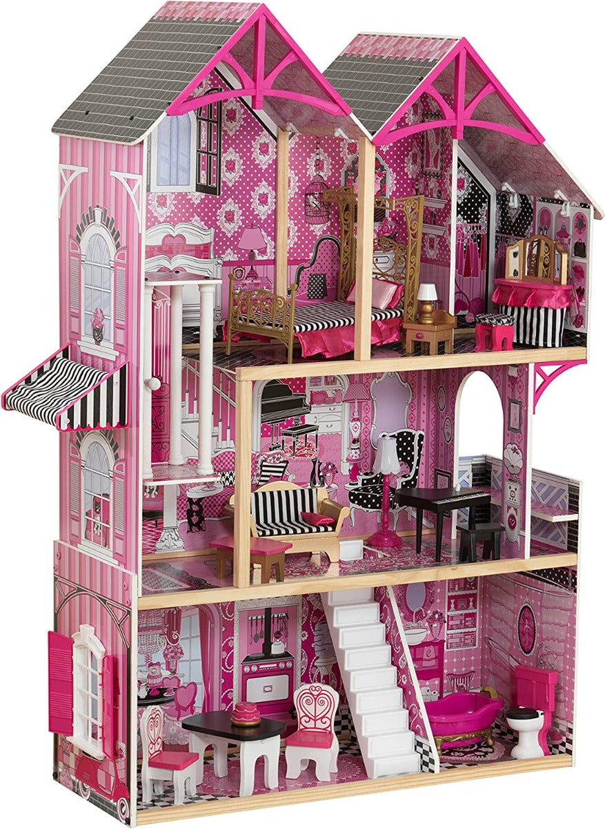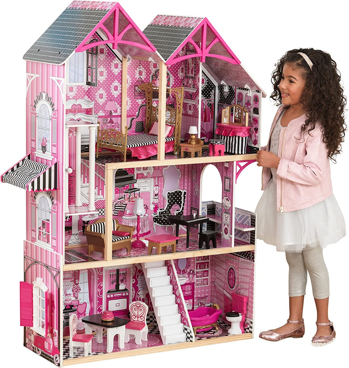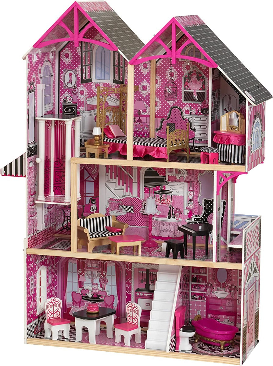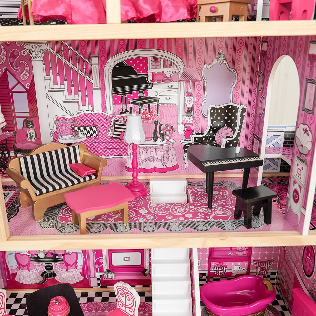 - بفضل المصعد المنزلق الذي يربط بين الطابقين الثاني والثالث، وتصميم السقف الرائع ذي الجملون المزدوج، والبيانو الذي يعزف الموسيقى، وغير ذلك الكثير، فإن بيت الدمى هذا مليء بالتفاصيل الخيالية.
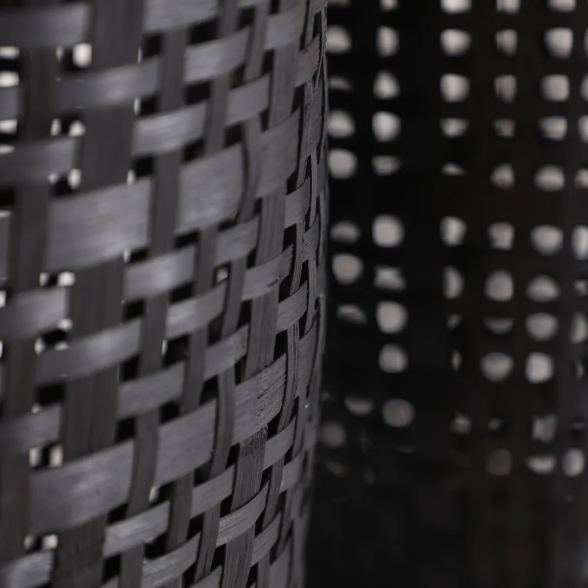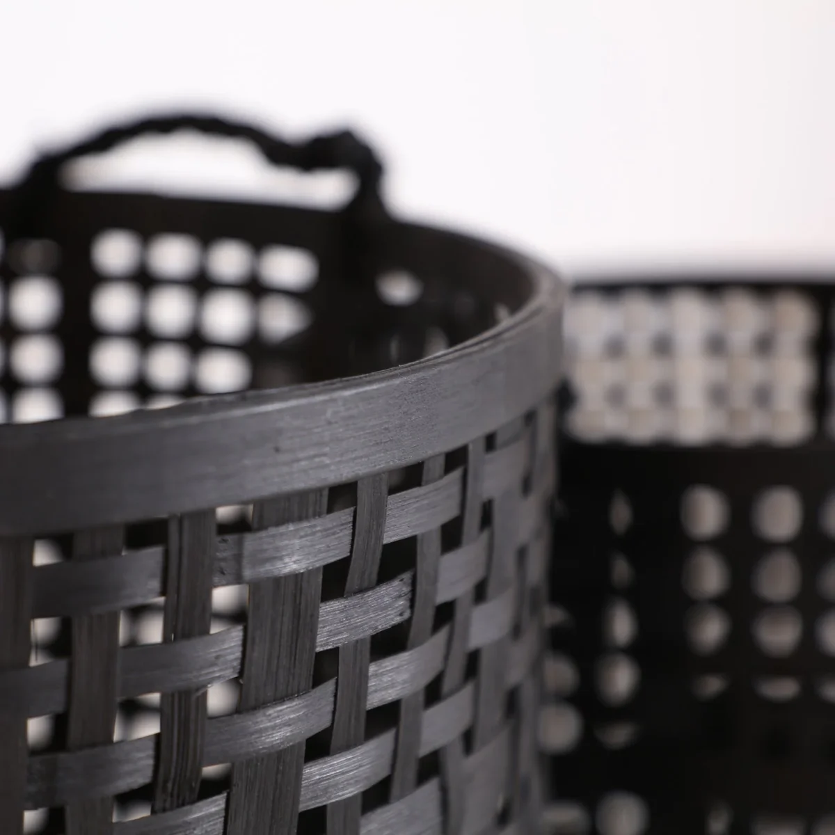 Cesto J/2 Cuadrada Kaleshe, En Color Negro, De Estilo Boho. Fabricado En Bambú.
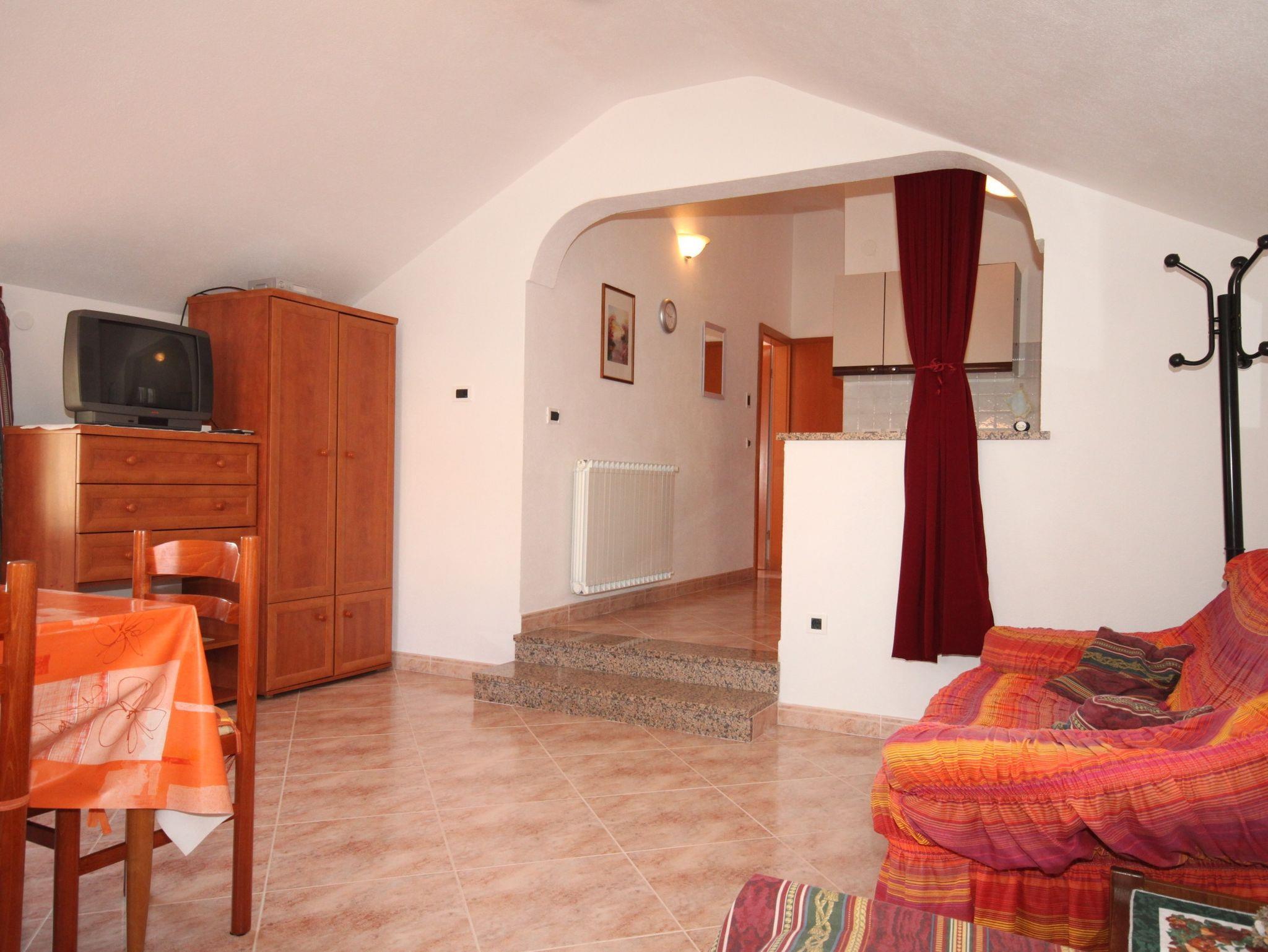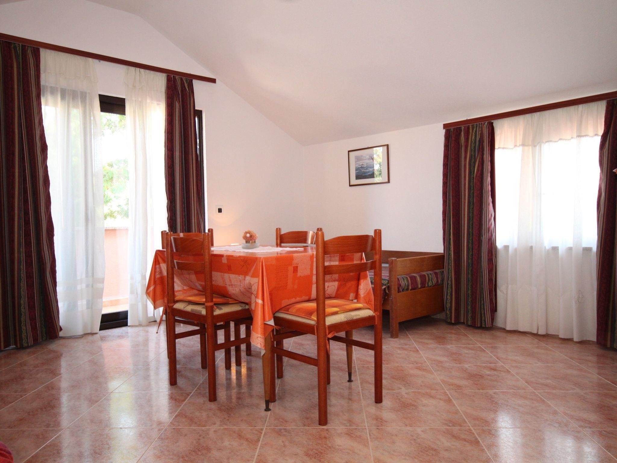 Ferienwohnung bietet Platz für 4 Gäste. Die Betten sind in Schlafzimmern, die es 1 gibt, und in Esszimmer, innerhalb einer Gesamtfläche von 47m2, angeordnet. Die Gäste haben einen eigenen Balkon zur Verfügung, auf der sie in warmen Sommernächten genießen können. Das Apartment bietet Meerblick. Es ist erlaubt, Speisen auf dem Gemeinschafts-Grill vorzubereiten. IM PREIS INBEGRIFFEN: Kurtaxe, Endreinigung, Zentralheizung, Parkplatz, Internet, Föhn, Sonnenschirm. VERBINDLICHE ZUSÄTZLICHE KOSTEN: Aufzahlung für Kurzaufenthalte (prozentualer Zuschlag pro Nächtigungsanzahl: 30% - 1, 20% - 2, 10% - 3). UNVERBINDLICHE ZUSÄTZLICHE KOSTEN: Klimatisierung (5,00 € pro Nacht), Wäschewaschen (10,00 € Waschen), Zusatzbett (20,00 € pro Nacht). Die Verfügbarkeit zusätzlicher Dienstleistungen in Ihrem reservierten Termin und die Preise derselben (falls nicht aufgeführt) müssen im Voraus überprüft werden. Zusätzliche Dienstleistungen die in der Zahlungsaufforderung nicht aufgeführt sind werden direkt beim Vermieter bezahlt, angenommen der Gast nutzt auch diese.

◆ REQUIRED WORK
Each line from the first line of the data above through the one containing "Cesto J/2 Cuadrada" must be set down exactly; the pictures must not be.

◆ EXPECTED OUTPUT
 - بفضل المصعد المنزلق الذي يربط بين الطابقين الثاني والثالث، وتصميم السقف الرائع ذي الجملون المزدوج، والبيانو الذي يعزف الموسيقى، وغير ذلك الكثير، فإن بيت الدمى هذا مليء بالتفاصيل الخيالية.
 Cesto J/2 Cuadrada Kaleshe, En Color Negro, De Estilo Boho. Fabricado En Bambú.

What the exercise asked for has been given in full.